The invention of the printing press in 1440 led to the spread of information around Europe. Seventy-seven years later, the publication of Martin Luther’s Ninety-five Theses plunged the continent into centuries of religious war. But this dissemination of ideas also led to the Industrial Revolution, which brought about extraordinary economic growth.
In the 2000s, big data has made huge progress in areas from baseball to betting, but still, entire sectors, from financial catastrophes to natural disasters, are not being predicted accurately. The amount of data available makes it almost impossible for us to sort through it all, but if we begin to understand our natural biases, we can use the data to help us make better predictions.
Need to Know: Just as the printing press brought a wave of information that destabilized Europe but ultimately led to the Industrial Revolution, the rise of big data will bring a lot of bad information—noise—which we must learn to sift for the truth—the signal.

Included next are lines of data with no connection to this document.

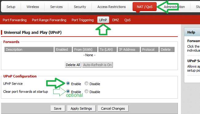 За бажанням виберіть перемикач “увімкнути” для параметра “Очистити переадресацію портів під час запуску”.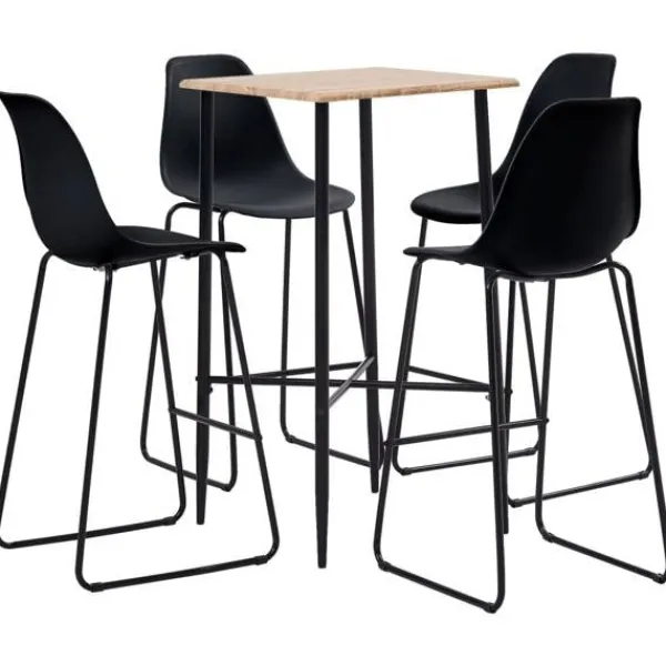 Denna bargrupp med modern design passar in i ett modern hem, trädgården, barer eller restauranger. Dess rena och samtida design kompletterar din inredning. Bordsskivan är tillverkad i MDF som är lätt att rengöra. Stativet med belagt stål bidrar till bordets stabilitet och hållbarhet. Pubstolarna har en ergonomiskt utformad sits med integrerat ryggstöd i ett modernt, böjt utseende. Dessutom är de lätta att montera. Vår bargrupp är optimal för att njuta av ett glas vin i baren, ta en mumsbit eller för att använda som extra sittplatser när du har gäster. Vid leverans ingår ett barbord och 4 barstolar.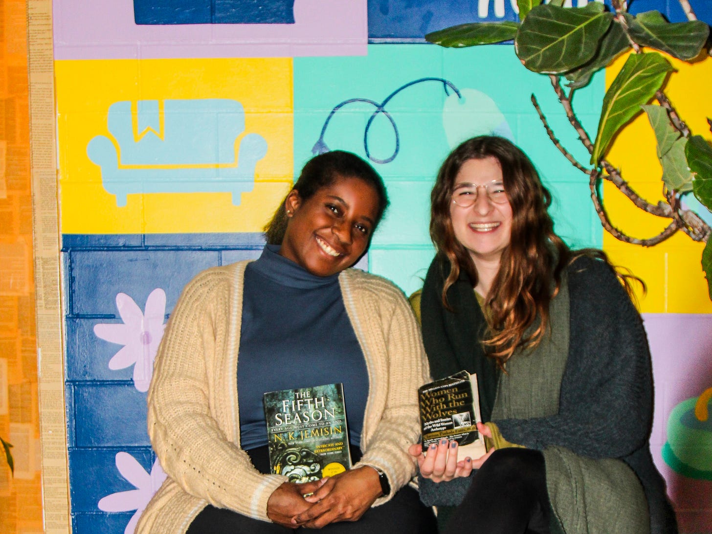 People Read Books by Katie Garcia at Charlotte’s Silent Book Club hosted by That’s Novel Books. Photography by Tyree Trice. Mural by Maddyebbert.art.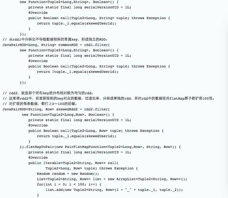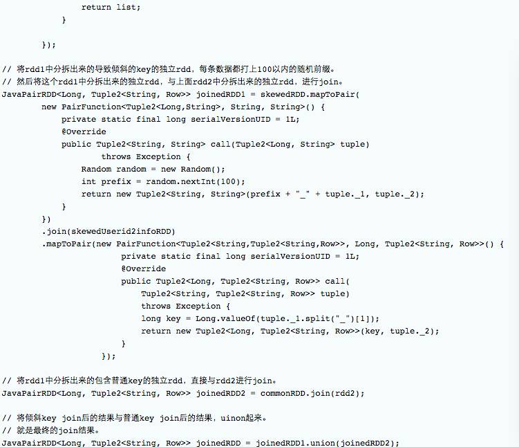 方案适用场景:两个RDD/Hive表进行join的时候,如果数据量都比较大,无法采用“解决方案五”,那么此时可以看一下两个RDD/Hive表中的key分布情况。如果出现数据倾斜,是因为其中某一个RDD/Hive表中的少数几个key的数据量过大,而另一个RDD/Hive表中的所有key都分布比较均匀,那么采用这个解决方案是比较合适的。

1: A Catastrophic Failure of Prediction
The financial crisis of 2008 was a result of a failure of prediction by the agencies who gave excellent ratings to securities known as collateralized debt obligations (CDOs), which included bad mortgages and were incredibly unsafe. The rating agencies profited from the abundance of CDOs, so they incentivized banks to continue producing more.

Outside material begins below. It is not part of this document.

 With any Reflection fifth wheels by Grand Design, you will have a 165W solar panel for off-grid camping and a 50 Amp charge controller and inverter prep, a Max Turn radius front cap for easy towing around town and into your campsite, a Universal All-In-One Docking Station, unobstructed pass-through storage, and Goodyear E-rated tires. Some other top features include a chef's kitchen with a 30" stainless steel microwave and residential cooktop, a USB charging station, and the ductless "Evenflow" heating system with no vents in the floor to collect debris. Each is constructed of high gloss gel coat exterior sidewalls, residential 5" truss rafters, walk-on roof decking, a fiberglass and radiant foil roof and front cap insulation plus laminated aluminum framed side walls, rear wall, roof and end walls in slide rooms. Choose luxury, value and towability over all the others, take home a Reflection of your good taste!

The unprecedented American housing bubble in the 2000s was result of people being encouraged to buy or flip homes even if they couldn’t afford to do so. This was supported by a financial market—lenders, brokers, and ratings agencies—which benefited from every sale—and from the incorrect belief that homeownership was always a profitable investment.
For each dollar that was being spent in housing sales, there were almost fifty dollars worth of trades in mortgage-backed securities. Institutions like Lehman Brothers were highly leveraged, and they were betting with money they didn’t actually have or that they had borrowed, which put them in precarious positions if the value of their portfolios declined even a small amount. This should have made investors reluctant to purchase assets, but the positive ratings from the credit agencies convinced unknowing buyers that these were solid purchases.

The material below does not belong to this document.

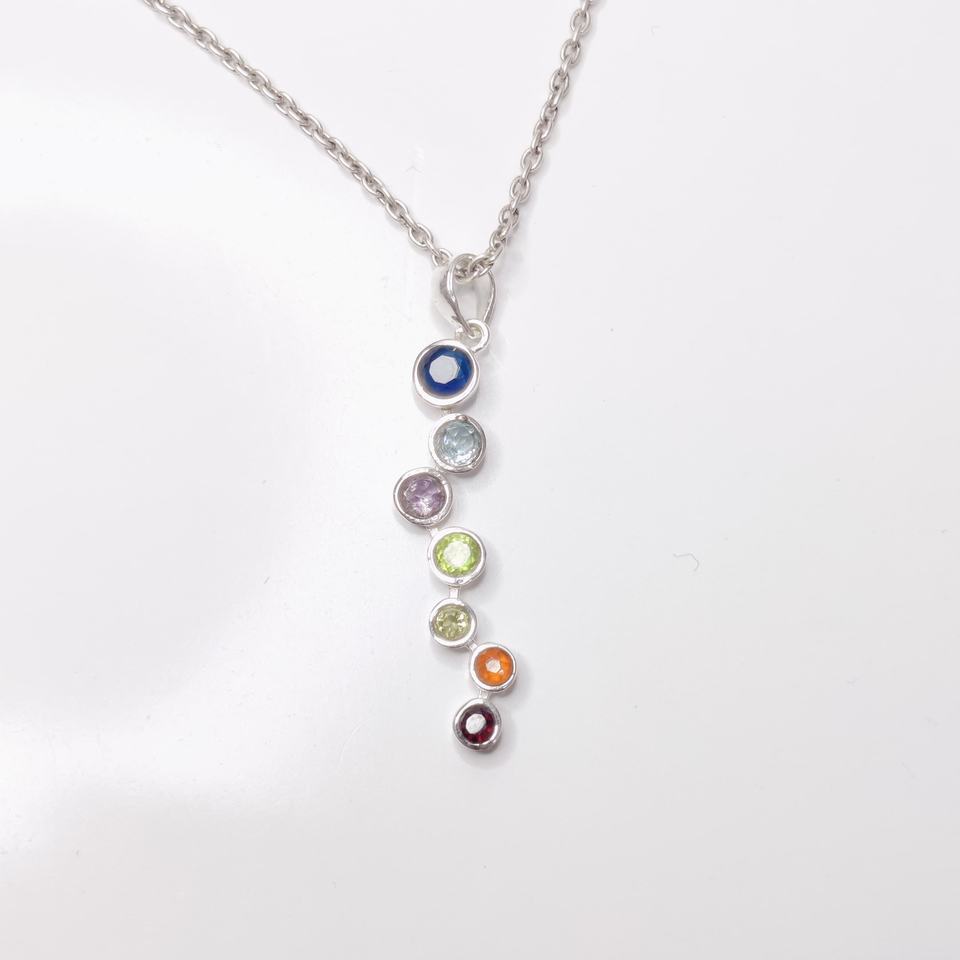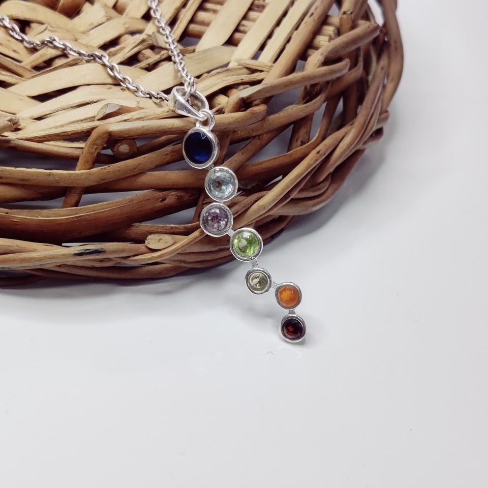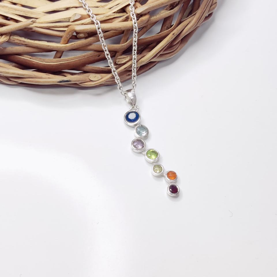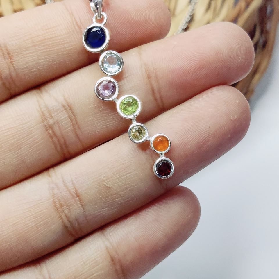 จักระ7ไพลิน925เงินสเตอร์ลิงจี้กลมทันสมัยทางจิตวิญญาณ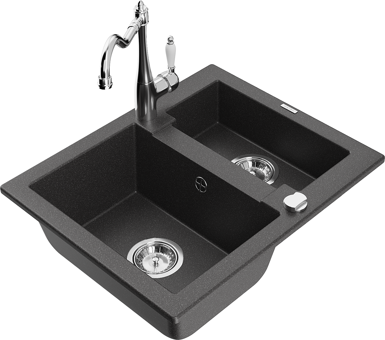 Mexen Carlos granīta izlietne ar 1,5 nodalījumu un Carla virtuves jaucējkrānu, melna ar punktiem - 6518-76-670700-00

When Barack Obama took office in 2009, his stimulus package was meant to keep unemployment in check; in reality, the recession was worse than people knew at the time, causing the unemployment rate to go higher than his administration predicted it would.
The recession was caused by a series of poor predictions, each caused by predictors overlooking key pieces of information. In the lead-up to the housing crash, ratings agencies were creating models that didn’t include all data relevant to the current housing situation, making them useless. An important lesson was learned the hard way. We should always take all data into account, even data that disrupts our models and calls our accuracy into question. A false sense of confidence in accuracy can lead to avoidable disaster.
Need to Know: The housing crisis and subsequent financial collapse and economic recession were caused by a string of prediction errors, each a result of overlooking key information.
2: Are You Smarter Than a Television Pundit?
In the run-up to the 2008 presidential election, many television pundits were unable to predict the obvious: Barack Obama had a solid lead and was going to win. With this knowledge, Silver goes back to evaluate the predictions made on the public affairs show The McLaughlin Group and determines that, overall, they only got about half of their forecasts right. A similar trend could be seen in the 1980s, when political experts failed to predict the collapse of the Soviet Union, despite Gorbachev’s sincere efforts to reform the country and the dire economic straits within the USSR. Historically, forecasts from experts in a variety of subject areas were barely more accurate than random chance.
While studying the personalities of these experts, Philip Tetlock divided them into two categories—hedgehogs and foxes. Hedgehogs believe in big ideas and maintain that governing principles affect all behavior. Foxes believe in a plethora of small ideas and understand that there is nuance and complexity in the world.
Tetlock then found that the latter group is better at predicting. For instance, foxes would have been able to see that the USSR was an increasingly unstable country for many reasons, while hedgehogs saw only an “evil empire” or a socialist stronghold. But hedgehogs—with their bold, unwavering beliefs—make better TV guests. For hedgehogs, the more information they have, the more likely they are to twist the data to fit with their pre-held beliefs, missing or ignoring any information that would disrupt their forecasts.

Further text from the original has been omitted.